Time for an update. After being out for a week, and then returning to school during a week when there was state testing, I thought things would be a bit calmer in my realm of the school. The week turned out to be anything but calm. Due to the testing I had fewer lesson times, so lesson groups were doubled up. Wednesday and Thursday both tuned out to be 11 and 12 hour days as I had to go to an All-County rehearsal one day and a PTA meeting the next. Preliminary budget information came out last Tuesday which was like receiving a bombshell in some ways. Today I stayed after for a budget related meeting which ended at 6. When I get to school at 7, it makes for a long day. I'm not complaining, it's just a lot. Thankfully the Lord has been gracious in getting me though it. I've decided to take my other blog and use it for posts related to teaching. So starting tomorrow, check it out!

Monday, March 5, 2007

After a Week of Being Sick...

After a week of being sick, I am thankful to have had such a productive day catching up on many things around here. I don't recommend hitting your head on a car door, it can cause major headaches (both literally and figuratively). First of all, if you go to the doctor for it, you have to claim it on your car insurance, even if the car was stationary when you hit it. I couldn't believe it. Secondly, don't have major headaches and the flu at the same time, not a good combination. Third, headaches from a "head injury" can last up to two or three weeks according to my doctor. So..please be praying because I go back to work tomorrow (along with my ibuprofen and Tylenol).
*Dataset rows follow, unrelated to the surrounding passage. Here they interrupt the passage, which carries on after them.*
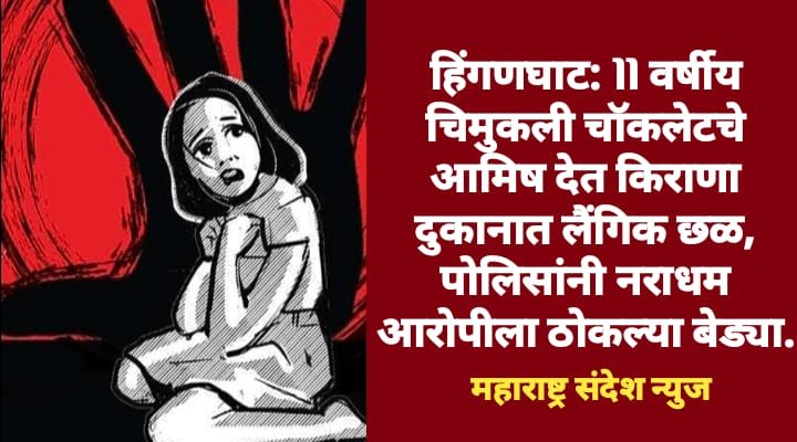 महाराष्ट्र संदेश न्युज ! ऑनलाईन हिंगणघाट:- येथून एक संतापजनक घटना समोर आली आहे. येथे एका 11 वर्षीय व अन्य एक अल्पवयीन चिमुकलीला चॉकलेटचे आमिष दाखवून किराणा दुकानात जबरदस्ती बोलावून दोन चिमुकलींचा लैंगिक छळ केल्याची घटना घडली. ही घटना समोर येतात संपूर्ण शहरात मोठ्या प्रमाणात संताप व्यक्त करण्यात येत आहे. दिनांक 6 जून रोजी हिंगणघाट पोलिसांनी या नराधमाला अटक केली आहे. राजेंद्र रामराव झाडे, रा.हिंगणघाट असे अटक केलेल्या आरोपांचे नाव आहे.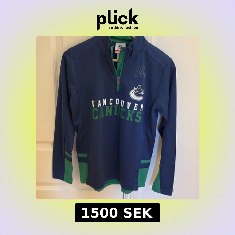 Säljer en blå långärmad tröja från NHL med Vancouver Canucks-logga och text framtill. Tröjan har gröna detaljer vid ärmslut, nederkant och dragkedja vid halsen. Perfekt för hockeyfans som vill visa sitt lagstöd. Signerad av Elias Pettersson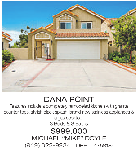 3Beds &3Baths $999,000 MICHAEL “MIKE” DOYLE (949) 322-9934 DRE# 01758185

Lesson learned: never hit your head on the car door.

Thursday, March 1, 2007

Update

"The Lord is not slack concerning his promise, as some men count slackness; but is longsuffering to us-ward, not willing that any should perish, but that all should come to repentance."
(2 Peter 3:9)

My apologies for not updating about my grandmother earlier. The surgery went well, but she is slow to recover. Today was the first day they had her off of the breathing machine. If the Lord leads you, please continue to pray for her healing and salvation. Thank you!